*** RECORDS TO USE

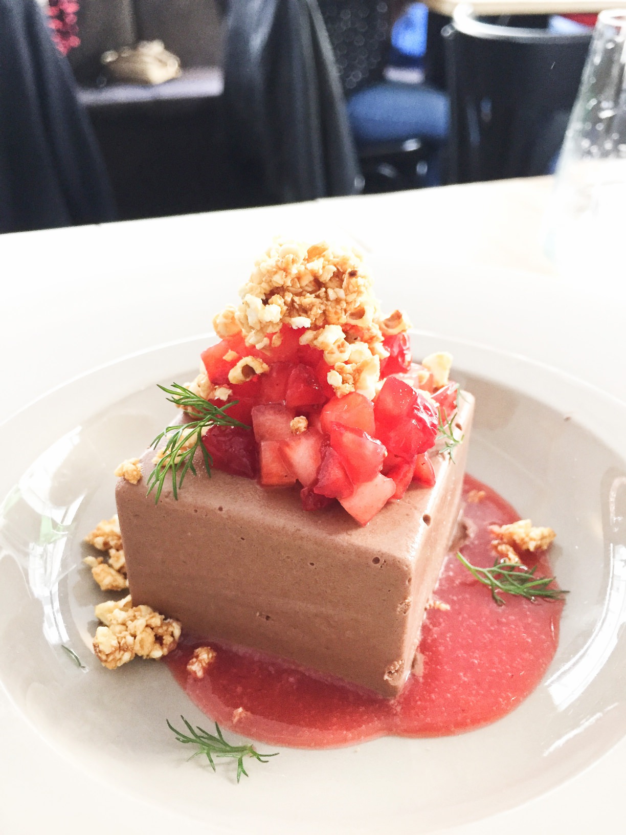 - Semifreddo al cioccolato, fragole e pop corn caramellati.
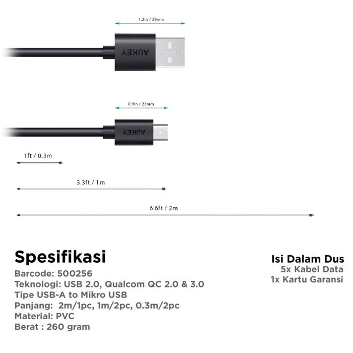 Kabel Charger AUKEY ( 5 pcs ) USB A Ke Micro PVC CB-D5 Hitam 3A
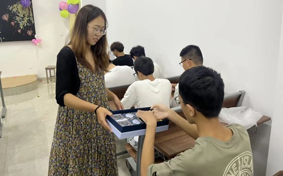 活动伊始,学院为同学们准备了各式各样、口味不一的月饼,由学长学姐们提前发往各班。活动现场热闹非凡,由同学们自行有序组织发放月饼,其中贾琦老师也来到现场参与为各班发放月饼活动。随后,贾琦老师为各个班级送上亲切的问候和鼓励的话语,与同学们一同度过中秋节。此外,同学们准备了有趣的节目和相关视频,大家一起观看,为此次活动增添了节日的欢乐氛围。活动最后,同学们与贾琦老师共同举起月饼合影留念。
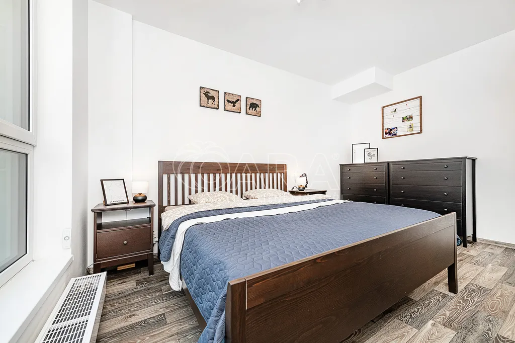 Byt se nachází ve spojovací části dvou věží rezidence, což zajišťuje snadný přístup z výtahu i z parkovacích pater.
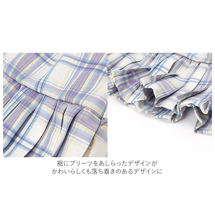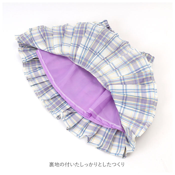 ・スカート・・・裏地の付いたしっかりとしたつくり。ウエストは着脱がラクチンなゴム仕様。裾にプリーツをあしらったデザインがかわいらしくも落ち着きのあるデザインに。
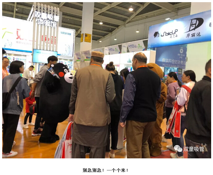 在網(wǎng)紅熊帶領下,“掃一掃送創(chuàng)新吸管”的活動讓來往的客商們“欲罷不能”,現(xiàn)場十分火爆哦!別急別急!一個個來,妞可是準備了很多呢!
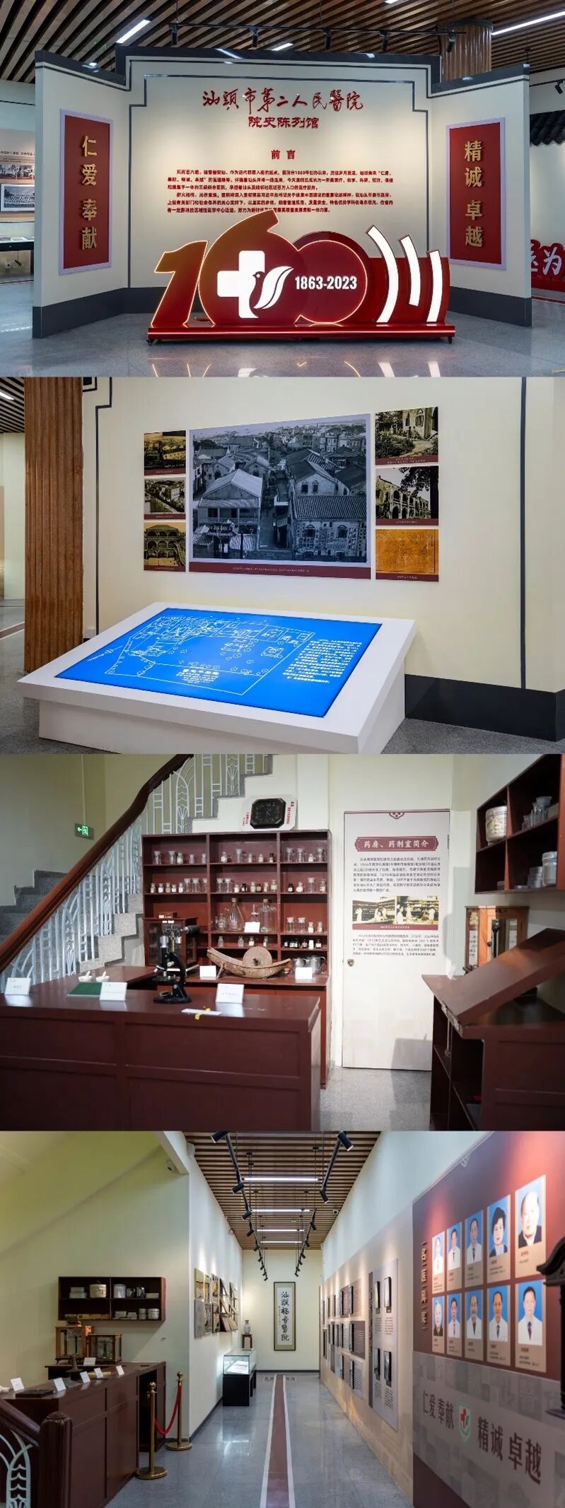特别值得一提的是2023年建成的"汕头市第二人民医院院史陈列馆", 该馆以医院160年院史为核心载体,在外马路71号这栋始建于1931年的市级重点文物保护单位中进行了修复建设。展区面积625平方米,设有医院发展历程、学科建设成果、医疗技术引领、珍贵文物展示、党建与社会责任等展区,系统展示中国近代“西医入潮”的医疗发展史(1863年至今),通过图文并茂、实物展示的方式,生动再现医院从建院初期到如今的发展历程与成就。展览馆旨在传承与发扬医院的优秀历史文化,激发全社会对医学文化的关注与热爱,让更多人领略医学的独特魅力与价值。
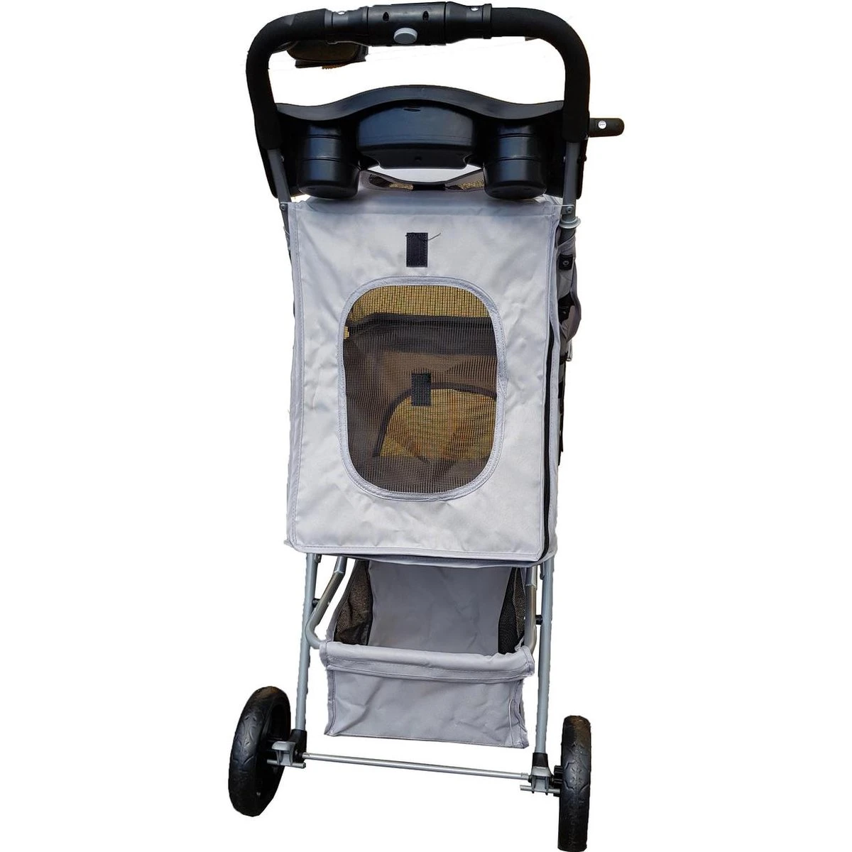 Met deze handige hondenbuggy gaat jouw kat of hond overal mee naartoe! Deze buggy is gemaakt van polyster en extra licht: het hele geheel weegt maar 4,6 kilogram. Ideaal om dieren mee te nemen die angstig zijn, oud, ziek of erg jong en daarom niet veel kunnen of mogen lopen. De buggy is goed geventileerd en heeft gaas-inzetstukjes die scheur- en bijtvast zijn, zodat jouw dier om zich heen kan kijken als het daar behoefte aan heeft. Het zicht is deels afdekbaar, waardoor jouw dier zich veilig en afschermd voelt op drukke plekken. Het uitneembare kussen zorgt voor extra comfort. Ook voor de eigenaar is het bovendien fijn lopen, want de buggy loopt zeer licht en heeft zwenkwielen schokdempers. Door de twee parkeerremmen kun je de buggy veilig stilzetten en de grote openingen zorgen dat je altijd makkelijk toegang hebt tot jouw dier. De korthouders zorgen ervoor dat jouw dier niet uit de buggy kan springen. Daarnaast is de buggy in te klappen en is dan zeer compact, ideaal om mee te nemen in de auto.
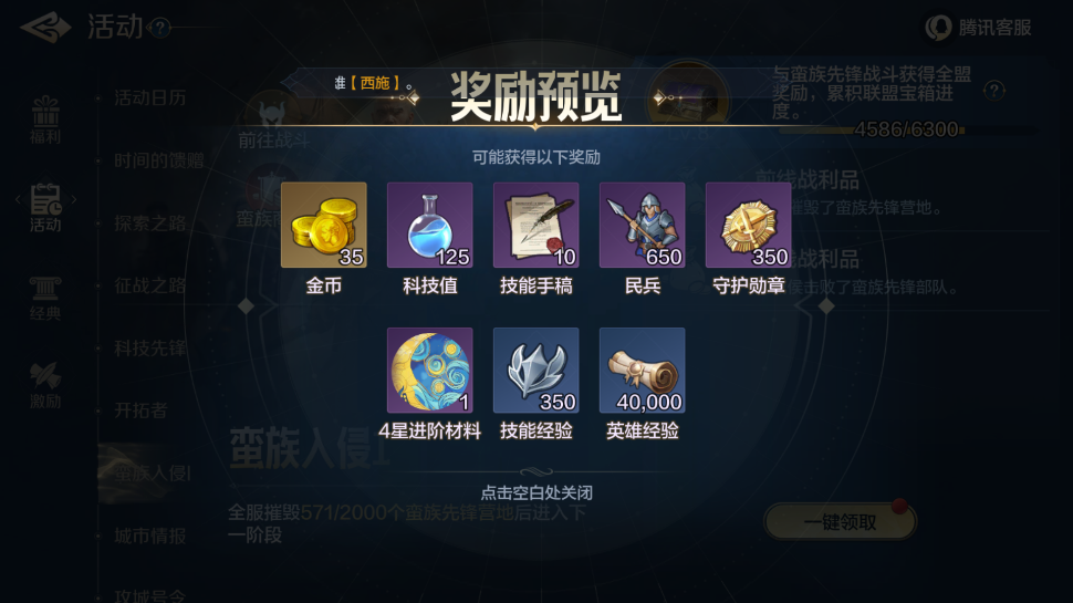 守护勋章能在的蛮族商店中能领到进一步的奖励,靠打蛮族拿的守护勋章兑换。可以兑换基础资源、动员令、科技值、民兵、技能经验、抽卡次数、英雄经验,甚至还能使用英雄助战,奖励还是相当不错的。
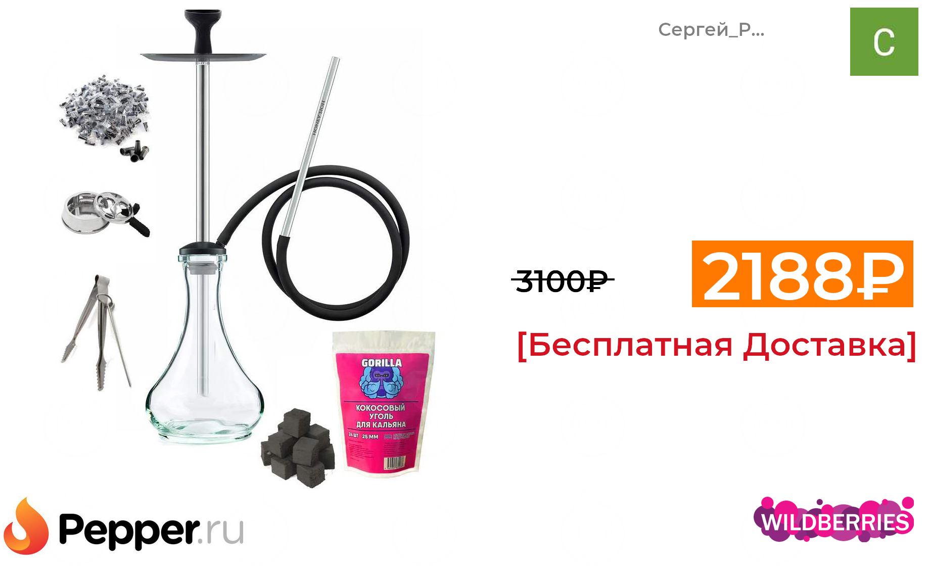 🔹"Honey Sigh" комплект: кальян + чаша + уголь + щипцы + мундштуки 2188₽ ❗️🔥(везде от 3100₽)

******

> [WHAT YOU NEED TO DO] Skipping the pictures, transcribe each line above exactly as it appears.

> [EXERCISE RESPONSE]
 - Semifreddo al cioccolato, fragole e pop corn caramellati.
 Kabel Charger AUKEY ( 5 pcs ) USB A Ke Micro PVC CB-D5 Hitam 3A
 活动伊始,学院为同学们准备了各式各样、口味不一的月饼,由学长学姐们提前发往各班。活动现场热闹非凡,由同学们自行有序组织发放月饼,其中贾琦老师也来到现场参与为各班发放月饼活动。随后,贾琦老师为各个班级送上亲切的问候和鼓励的话语,与同学们一同度过中秋节。此外,同学们准备了有趣的节目和相关视频,大家一起观看,为此次活动增添了节日的欢乐氛围。活动最后,同学们与贾琦老师共同举起月饼合影留念。
 Byt se nachází ve spojovací části dvou věží rezidence, což zajišťuje snadný přístup z výtahu i z parkovacích pater.
 ・スカート・・・裏地の付いたしっかりとしたつくり。ウエストは着脱がラクチンなゴム仕様。裾にプリーツをあしらったデザインがかわいらしくも落ち着きのあるデザインに。
 在網(wǎng)紅熊帶領下,“掃一掃送創(chuàng)新吸管”的活動讓來往的客商們“欲罷不能”,現(xiàn)場十分火爆哦!別急別急!一個個來,妞可是準備了很多呢!
特别值得一提的是2023年建成的"汕头市第二人民医院院史陈列馆", 该馆以医院160年院史为核心载体,在外马路71号这栋始建于1931年的市级重点文物保护单位中进行了修复建设。展区面积625平方米,设有医院发展历程、学科建设成果、医疗技术引领、珍贵文物展示、党建与社会责任等展区,系统展示中国近代“西医入潮”的医疗发展史(1863年至今),通过图文并茂、实物展示的方式,生动再现医院从建院初期到如今的发展历程与成就。展览馆旨在传承与发扬医院的优秀历史文化,激发全社会对医学文化的关注与热爱,让更多人领略医学的独特魅力与价值。
 Met deze handige hondenbuggy gaat jouw kat of hond overal mee naartoe! Deze buggy is gemaakt van polyster en extra licht: het hele geheel weegt maar 4,6 kilogram. Ideaal om dieren mee te nemen die angstig zijn, oud, ziek of erg jong en daarom niet veel kunnen of mogen lopen. De buggy is goed geventileerd en heeft gaas-inzetstukjes die scheur- en bijtvast zijn, zodat jouw dier om zich heen kan kijken als het daar behoefte aan heeft. Het zicht is deels afdekbaar, waardoor jouw dier zich veilig en afschermd voelt op drukke plekken. Het uitneembare kussen zorgt voor extra comfort. Ook voor de eigenaar is het bovendien fijn lopen, want de buggy loopt zeer licht en heeft zwenkwielen schokdempers. Door de twee parkeerremmen kun je de buggy veilig stilzetten en de grote openingen zorgen dat je altijd makkelijk toegang hebt tot jouw dier. De korthouders zorgen ervoor dat jouw dier niet uit de buggy kan springen. Daarnaast is de buggy in te klappen en is dan zeer compact, ideaal om mee te nemen in de auto.
 守护勋章能在的蛮族商店中能领到进一步的奖励,靠打蛮族拿的守护勋章兑换。可以兑换基础资源、动员令、科技值、民兵、技能经验、抽卡次数、英雄经验,甚至还能使用英雄助战,奖励还是相当不错的。
 🔹"Honey Sigh" комплект: кальян + чаша + уголь + щипцы + мундштуки 2188₽ ❗️🔥(везде от 3100₽)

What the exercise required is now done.